The week in GRC: SEC approves Reg SK changes, and Storebrand divests over corporate lobbying

This week’s governance, compliance and risk-management stories from around the web

The Wall Street Journal reported that, according to data provider MyLogIQ, 87 percent of companies in the S&P 500 opted for a virtual AGM this year compared with 23 percent of meetings held remotely in 2019. Companies are finding virtual AGMs to be cheaper and less time-consuming, but some shareholders complain they don’t get as much time to ask their questions.

Remote investor events held by companies in the S&P 500 this year ran for an average of 32 minutes, seven minutes shorter than in-person shareholder meetings in 2019, according to a recent study of more than 90 annual meetings by the Hebrew University of Jerusalem. Executives allocated less time for business updates and for answering shareholders’ questions compared with in-person meetings in 2019, the study noted.

– TikTok said it planned to file a lawsuit on Monday against US President Donald Trump’s executive order prohibiting transactions with the short video app and its Chinese parent ByteDance, Reuters reported. TikTok said it had tried to engage with the US administration for nearly a year but faced ‘a lack of due process’ and that the government paid no attention to the facts.

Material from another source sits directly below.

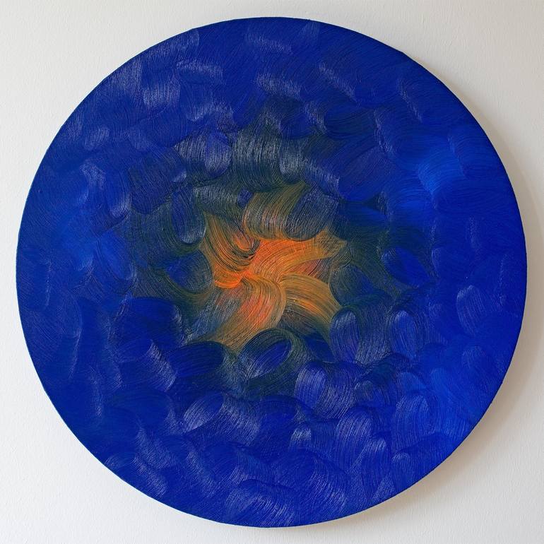 A red glow shining out of the deepest cosmic night? The painting cycle entitled „Between Center and Periphery“ explores the contrast and the interaction between centrifugal and centripetal forces on round canvases. The way of working resembles a dance around the painting lying on a table: in swingin...

Trump issued an executive order on August 14 that gave ByteDance 90 days to divest the US operations of TikTok. ‘To ensure the rule of law is not discarded and that our company and users are treated fairly, we have no choice but to challenge the executive order through the judicial system,’ the company said in a statement.

A representative for the White House did not respond immediately to a request for comment.

The Guardian reported that Nordic hedge fund firm Storebrand has dropped its stock in some of the world’s biggest oil and mining companies for lobbying against climate change action. Storebrand made the divestments as part of a new climate policy targeting companies that use their political clout to block green policies. The asset manager is one of many major financial institutions divesting from polluting industries but is thought to be the first to drop shares in companies that use their influence to slow the pace of climate action.

Storebrand CEO Jan Erik Saugestad said corporate lobbying activity designed to undermine solutions to ‘the greatest risks facing humanity’ is ‘simply unacceptable.’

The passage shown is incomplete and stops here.